ET6-1 The Linguistic Formalism
Steve Pullman of SRI International began by noting that the linguistic formalism must be usable for general NLP, in a multilingual as well as a monolingual context, as well as for MT. Other desiderata were that it should be declarative, reversible (i.e. usable for generation as well as analysis) and theory independent. It should have an easily implemented core, to which equally monotonic and declarative extensions could be hooked, and should use typed feature logic. There was some discussion of the interfaces between the Language Analysis agent (LA) and the user agent's virtual machine (VM) on the one hand and with the Text Handling agent (TH) on the other: LA/VM was well defined: primitive functions included Parse, Generate, Refine (i.e. further transform the output from Generate) and Transfer (i.e. translate), with in each case appropriate parameters such as language or grammar. LA/TH was rather more fuzzy, with some linguistic functions such as morphological analysis being done by TH rather than LA.
ET6-3: The Text Handling Component
Christian Devillers of SEMA reviewed the text- handling design study. This component interfaces the Linguistic Analysis system with real texts, both during input and generation. The study had involved a brief survey of existing office document handling systems, SGML systems, and systems used within the literary and linguistic computing paradigm. A simple SGML dtd for texts passing across the TH/LA interface had been defined (EDIF - Eurotra Document Interchange Format). Recognising that TH tools would probably be of wide interest outside Eurotra, EDIF has been designed with an eye on TEI conformance.
The TH component's main function is to translate between a formatted document and whatever linguistic structures are used for input to (or output from) the LA component. At present, LA requires input of single sentences, with no nested quotations etc., as well as some quite detailed morphological analysis, and that is therefore what TH must produce. Devillers stressed that the segmentation performed by TH was determined entirely by the LA: if this were enhanced for example to deal with paragraphs, then that would be passed across the interface. Some rendition features of the input text are passed through to LA; the majority however are filtered out and stored somewhere unspecified, so that they can be re-associated with the output text.
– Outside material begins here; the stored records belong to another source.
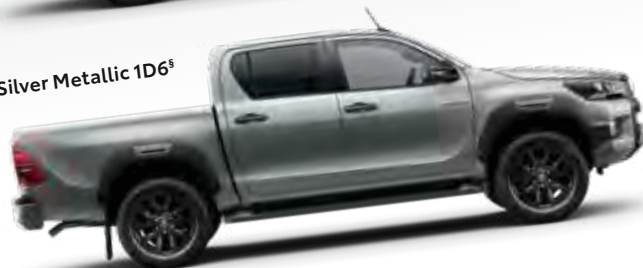
Silver Metallic 1D6 §
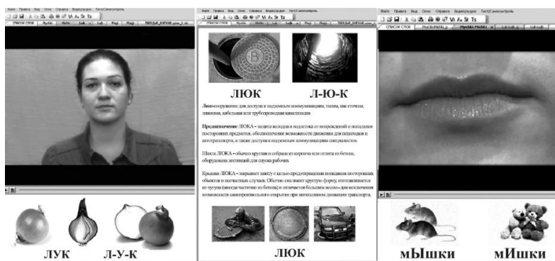
Рис. 1. Пример обучающих материалов для инофонов в программе АГ

Важная особенность АГ состоит в возможности совмещать прослушивание звукового материала с просмотром видеозаписей, на которых общим или крупным планом показан процесс его артикулирования. (рис. 1).
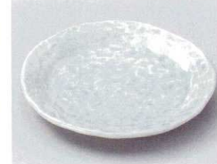
257-17-375 みちのく荒石目丸皿 810円 17×2.5cm 27707372
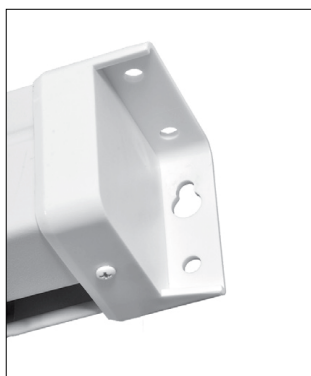
Boční víko tubusu slouží zároveň jako uchycení ke stěně / stropu
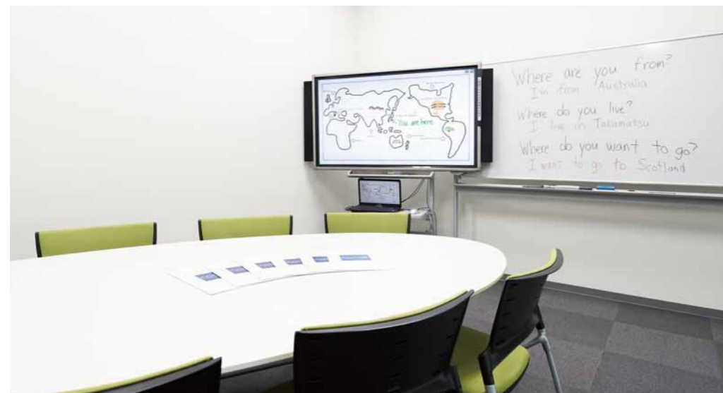
電子黒板で理解度がぐんとアップ!

This presentation was followed by a few desultory questions about other related CEC-funded projects and about the range of material anticipated for translation. I spoke very briefly about the TEI in response to a prod from Cencione. It felt like a very long morning (no coffee break) by the time we all went, thankfully, to lunch in what is unquestionably one of the biggest and best office canteens in the world.
ET7: Reusability of lexical resources
Ulrich Heid (University of Stuttgart) presented some initial results from this rather different feasibility study. Like Varile, he stressed the economic argument in favour of re- using resources, which follow from the imperative need to size up NLP projects. A toy system can demonstrate anything: you only demonstrate what is really feasible with a realistically sized system. Reusability might mean simply re-cycling of a resource prepared for some other purpose, or it might mean designing resources with multiple applications in mind from the start.
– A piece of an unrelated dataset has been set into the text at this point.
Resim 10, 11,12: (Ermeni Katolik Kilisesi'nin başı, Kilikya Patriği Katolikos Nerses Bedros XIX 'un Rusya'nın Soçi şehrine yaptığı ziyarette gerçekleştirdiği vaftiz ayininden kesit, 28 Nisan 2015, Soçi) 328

Most of the presentation dealt with questions specific to re- usable machine-readable dictionaries (MRDs). Heid touched briefly on the existence of a number of related projects and initiatives (e.g. Acquilex, Genelex, Multilex, which are concerned with acquisition, formal description and integration of MRDs respectively). MRDs contain vastly larger amounts of information than electronic lexica, but they are not available for many languages and their underlying structures are not explicit. The study group's approach to unification of lexicographic information across different MRDs was to try to define some primitive level of description, expressed in a type feature logic, corresponding with the linguistic phenomena which the dictionaries purported to describe. This sounds, on reflection, very like the approach proposed within TEI Working Group AI1, so it must be right. Among the 20 or 30 assorted research groups, publishers and software vendors involved in the study, there had been no dispute about the use of an attribute-value representation scheme, though its practical viability had yet to be demonstrated. The use of SGML as an exchange mechanism and the need for interaction with TH and TEI had been equally noncontroversial, though some unspecified concerns had been expressed about character set problems. At the end of the year, another feasibility study would be reporting on some pilot projects demonstrating the benefits and methods of standardisation.
This talk provoked some disagreement from the floor, in the shape of Wolf Paperote (Munster), who asserted on behalf of corpus linguists everywhere (there were none present) that MRDs were a lot less useful than corpora as a source of linguistic information, and that since parsing corpora was marginally easier than parsing MRDs, and much cheaper, wouldn't the money be better spent on the former? To judge from the icy silence that greeted this remark, his was a minority view.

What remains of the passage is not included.